> [Task goal]: In the material below, find the line with "Led 2 (red) |" and the line with "Kapolres Dairi AKBP". Output exactly those two lines and all lines between them, leaving out pictures.

** Opening Data block **

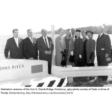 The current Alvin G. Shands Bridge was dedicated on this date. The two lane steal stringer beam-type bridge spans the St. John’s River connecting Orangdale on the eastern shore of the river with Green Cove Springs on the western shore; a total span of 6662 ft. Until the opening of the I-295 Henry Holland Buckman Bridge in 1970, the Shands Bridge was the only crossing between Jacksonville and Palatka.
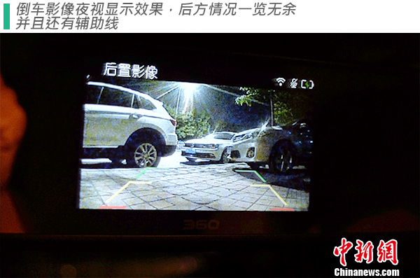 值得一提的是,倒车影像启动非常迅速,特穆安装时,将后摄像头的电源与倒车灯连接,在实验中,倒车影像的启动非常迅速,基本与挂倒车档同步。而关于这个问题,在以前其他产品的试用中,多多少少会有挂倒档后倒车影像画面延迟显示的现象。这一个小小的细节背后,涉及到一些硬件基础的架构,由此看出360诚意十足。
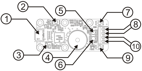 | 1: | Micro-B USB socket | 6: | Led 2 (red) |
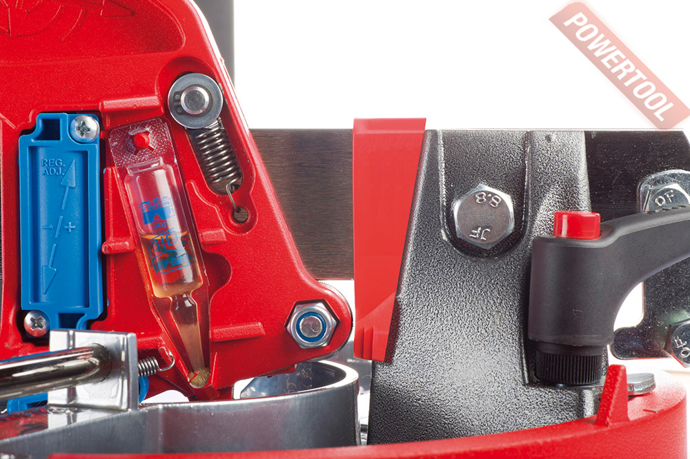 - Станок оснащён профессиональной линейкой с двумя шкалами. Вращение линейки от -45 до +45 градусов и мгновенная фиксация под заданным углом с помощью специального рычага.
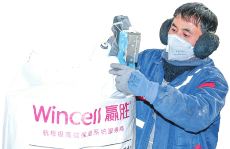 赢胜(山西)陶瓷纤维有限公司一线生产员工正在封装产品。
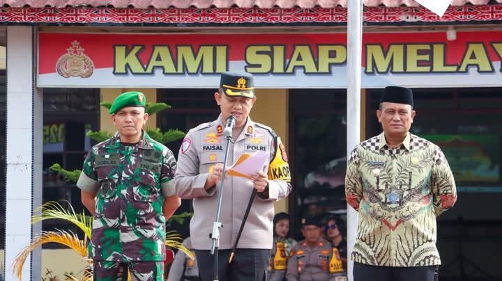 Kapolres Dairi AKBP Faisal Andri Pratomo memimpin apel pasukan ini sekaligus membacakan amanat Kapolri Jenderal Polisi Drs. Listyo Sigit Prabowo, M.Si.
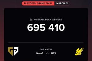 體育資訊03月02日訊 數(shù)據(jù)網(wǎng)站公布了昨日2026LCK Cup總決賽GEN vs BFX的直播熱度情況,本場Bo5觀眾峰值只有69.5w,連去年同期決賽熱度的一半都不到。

** Closing Data block **

> [Response to this exercise]:
 | 1: | Micro-B USB socket | 6: | Led 2 (red) |
 - Станок оснащён профессиональной линейкой с двумя шкалами. Вращение линейки от -45 до +45 градусов и мгновенная фиксация под заданным углом с помощью специального рычага.
 赢胜(山西)陶瓷纤维有限公司一线生产员工正在封装产品。
 Kapolres Dairi AKBP Faisal Andri Pratomo memimpin apel pasukan ini sekaligus membacakan amanat Kapolri Jenderal Polisi Drs. Listyo Sigit Prabowo, M.Si.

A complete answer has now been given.